My marriage was a difficult one and parenthood was also fraught with worry because my four children have chronic conditions so raising them mostly alone was often terribly frightening. When they were in bed I'd pour my heart out about the days events, how I felt, and wish for a better relationship with my mostly absent husband, their father, who was a selfish, often violent man. I was scared for much of my life. It was therapeutic and many entries were tear stained. They were very personal records. I'd hate anyone to read them. I was in deep despair and I know my children might feel some sort of guilt that my life when they were small and ill was so difficult.

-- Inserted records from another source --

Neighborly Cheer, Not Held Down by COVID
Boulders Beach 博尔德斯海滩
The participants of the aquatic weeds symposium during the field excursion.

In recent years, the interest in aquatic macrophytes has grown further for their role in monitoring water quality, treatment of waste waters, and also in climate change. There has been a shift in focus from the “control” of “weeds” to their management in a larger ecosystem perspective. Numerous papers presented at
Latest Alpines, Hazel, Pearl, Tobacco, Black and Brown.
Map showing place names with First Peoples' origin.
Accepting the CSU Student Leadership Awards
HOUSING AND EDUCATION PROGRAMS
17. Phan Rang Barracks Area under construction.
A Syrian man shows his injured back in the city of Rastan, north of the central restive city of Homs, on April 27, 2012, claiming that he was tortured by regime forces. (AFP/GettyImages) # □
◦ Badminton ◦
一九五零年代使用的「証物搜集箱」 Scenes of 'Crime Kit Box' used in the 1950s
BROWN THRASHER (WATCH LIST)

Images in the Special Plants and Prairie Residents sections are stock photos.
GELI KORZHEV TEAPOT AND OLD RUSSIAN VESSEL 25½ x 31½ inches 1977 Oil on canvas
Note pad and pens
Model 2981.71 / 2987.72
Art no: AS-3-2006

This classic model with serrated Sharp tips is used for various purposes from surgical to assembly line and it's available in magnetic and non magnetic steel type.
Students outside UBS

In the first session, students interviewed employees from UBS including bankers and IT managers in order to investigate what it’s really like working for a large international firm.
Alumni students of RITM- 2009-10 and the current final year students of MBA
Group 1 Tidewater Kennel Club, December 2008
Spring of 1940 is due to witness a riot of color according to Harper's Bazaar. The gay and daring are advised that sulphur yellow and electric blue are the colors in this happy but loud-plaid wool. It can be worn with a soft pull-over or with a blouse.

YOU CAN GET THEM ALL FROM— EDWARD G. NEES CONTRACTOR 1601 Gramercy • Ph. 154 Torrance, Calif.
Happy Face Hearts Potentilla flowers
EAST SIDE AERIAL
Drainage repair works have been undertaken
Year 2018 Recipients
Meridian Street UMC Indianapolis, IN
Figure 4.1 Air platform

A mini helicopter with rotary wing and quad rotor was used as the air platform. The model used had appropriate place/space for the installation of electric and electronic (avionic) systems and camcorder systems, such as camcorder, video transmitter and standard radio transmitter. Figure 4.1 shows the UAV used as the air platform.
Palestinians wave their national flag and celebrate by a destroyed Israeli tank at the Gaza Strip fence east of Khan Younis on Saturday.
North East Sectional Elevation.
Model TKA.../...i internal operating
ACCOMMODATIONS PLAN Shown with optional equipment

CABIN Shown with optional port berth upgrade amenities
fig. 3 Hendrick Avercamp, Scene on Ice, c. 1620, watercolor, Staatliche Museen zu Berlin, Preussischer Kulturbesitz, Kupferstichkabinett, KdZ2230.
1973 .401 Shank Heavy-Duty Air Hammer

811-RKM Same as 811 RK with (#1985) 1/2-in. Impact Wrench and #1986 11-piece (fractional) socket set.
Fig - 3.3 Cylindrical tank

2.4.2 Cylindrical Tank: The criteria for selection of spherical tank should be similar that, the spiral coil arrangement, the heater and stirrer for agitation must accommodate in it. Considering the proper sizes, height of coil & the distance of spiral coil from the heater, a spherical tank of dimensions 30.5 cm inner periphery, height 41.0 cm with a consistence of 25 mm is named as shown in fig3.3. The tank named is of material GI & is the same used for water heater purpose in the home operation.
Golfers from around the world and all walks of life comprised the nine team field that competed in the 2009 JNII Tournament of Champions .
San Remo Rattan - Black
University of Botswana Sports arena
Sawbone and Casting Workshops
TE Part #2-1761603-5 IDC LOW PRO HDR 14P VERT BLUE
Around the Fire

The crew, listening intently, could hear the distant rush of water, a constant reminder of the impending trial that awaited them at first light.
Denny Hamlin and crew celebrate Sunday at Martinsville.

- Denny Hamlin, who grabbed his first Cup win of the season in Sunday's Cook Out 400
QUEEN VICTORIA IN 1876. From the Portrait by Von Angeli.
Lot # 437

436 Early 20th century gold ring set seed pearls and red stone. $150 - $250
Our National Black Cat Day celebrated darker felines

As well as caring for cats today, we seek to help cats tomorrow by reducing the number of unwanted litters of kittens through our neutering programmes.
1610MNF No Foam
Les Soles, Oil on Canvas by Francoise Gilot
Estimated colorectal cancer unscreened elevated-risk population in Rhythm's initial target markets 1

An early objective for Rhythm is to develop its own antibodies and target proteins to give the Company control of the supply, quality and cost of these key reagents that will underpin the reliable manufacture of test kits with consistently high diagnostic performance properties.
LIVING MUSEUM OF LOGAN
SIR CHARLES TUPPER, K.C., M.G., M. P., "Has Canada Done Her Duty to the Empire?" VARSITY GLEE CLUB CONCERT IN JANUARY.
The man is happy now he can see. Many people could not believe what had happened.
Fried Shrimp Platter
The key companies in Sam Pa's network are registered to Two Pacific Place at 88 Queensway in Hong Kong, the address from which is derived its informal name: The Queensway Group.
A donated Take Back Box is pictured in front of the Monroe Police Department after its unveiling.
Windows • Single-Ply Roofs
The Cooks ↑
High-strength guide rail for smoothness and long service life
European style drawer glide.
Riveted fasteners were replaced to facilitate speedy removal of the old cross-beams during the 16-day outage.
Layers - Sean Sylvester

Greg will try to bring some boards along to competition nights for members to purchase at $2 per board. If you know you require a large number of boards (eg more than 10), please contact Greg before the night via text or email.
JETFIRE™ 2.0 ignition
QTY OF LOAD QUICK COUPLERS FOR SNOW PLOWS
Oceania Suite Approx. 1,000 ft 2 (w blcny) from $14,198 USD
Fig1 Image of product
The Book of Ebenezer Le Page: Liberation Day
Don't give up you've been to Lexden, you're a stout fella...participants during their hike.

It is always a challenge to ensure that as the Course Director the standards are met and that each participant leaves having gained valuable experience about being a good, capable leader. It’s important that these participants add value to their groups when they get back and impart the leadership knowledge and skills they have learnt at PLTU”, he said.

I'd write every evening on my computer, mostly unloading my feelings and events of the day. I stored my records, from various computers over the years, on a memory stick. That stick went missing during a house move a few years ago and I am worried sick regarding where it might turn up and who will read it. sad

I also found my earlier teenage diaries when I was clearing out. I smiled about how I worried then about such trivial things and why I wrote so much about the ( unobtainable) boys I fancied. I think I might have spent my youth daydreaming about boys. I was so shy much of it was in my head. Again, such personal records and for my eyes only. Destroying those diaries from the 60s and 70s would be like erasing part of my life, but I should. There are some fascinating insights though, like having to find telephone boxes and shopping for mini skirts. I'd feel exposed and rather vulnerable if any of my diaries were read by anyone but me. They really are so personal..A journey into my head and emotions.